Отчасти это становится возможно благодаря красоте анимации Миядзаки, включающей несколько поразительных преображений, а также благодаря тому, что зрители находят в странных, но привлекательных персонажах свои собственные черты. Кроме работников купален и управляющих, мы встречаем разных духов-посетителей, среди которых больше всего выделяется Безликий – существо в черном одеянии и белой маске. Безликий играет важную роль во второй половине фильма, а его многочисленные странности говорят не только о чудовищных фэнтезийных способностях, но и об ощущении отчуждения, которое Миядзаки повсеместно наблюдал у японской молодежи. Больше всего зрителям полюбилась Тихиро, которая из «тупицы» превращается в умную юную девушку. Миядзаки описал ее как «самую обычную девочку», и в начале фильма ее плаксивость и своевольное поведение значительно контрастируют даже с его самыми реалистичными героинями из более ранних фильмов, такими как Кики или Сацуки[268]. В сложном мире Японии двадцать первого века такой «обычный» персонаж, которому удается решать проблемы вопреки всему, казался особенно привлекательным.

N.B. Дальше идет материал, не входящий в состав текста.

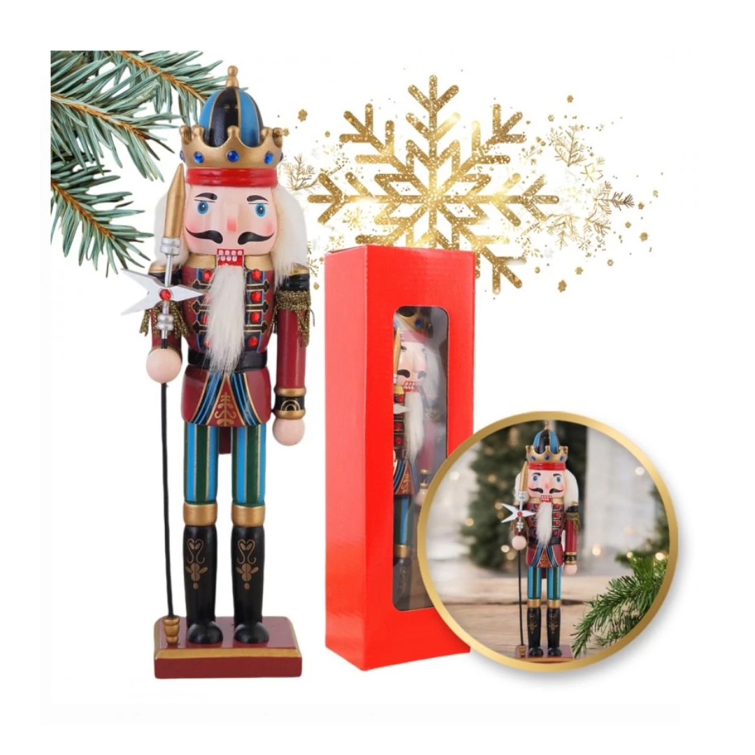 Klasszikus diótörő figura, amely elegáns kiegészítője a karácsonyi dekorációnak. A részletgazdag kidolgozás, a koronás fejfedő és a díszes ruházat igazi ünnepi hangulatot teremt otthonodban. A 30 cm magas diótörő tartós fából készült, és stabil talapzattal rendelkezik, így bármilyen asztalon, polcon vagy a karácsonyfa mellett jól mutat.

Даже по несколько эластичным стандартам Миядзаки, фильм «Унесенные призраками» – довольно традиционная работа с точки зрения кинопроизводства, появившаяся на свет благодаря крови, поту и слезам ссотрудников студии «Гибли». Миядзаки признавался, что к концу работы над фильмом его коллеги буквально «крошились» («бороборо»)[269]. «Принцесса Мононоке» утомила ветеранов студии настолько, что некоторые ушли, и их сменили энергичные, но неопытные новички. В результате работа шла так медленно, что студии впервые пришлось привлечь иностранных подрядчиков. В обсуждении фильма режиссер Хидэаки Анно одобрительно отзывался о его «азиатском» облике, особенно о ярких красках и архитектуре. По правде говоря, фильм представляет собой визуальную мешанину, куда входят как западные, так и азиатские и традиционные японские элементы[270]. Последняя треть отчасти стала данью уважения одной из самых любимых фантастических историй в Японии.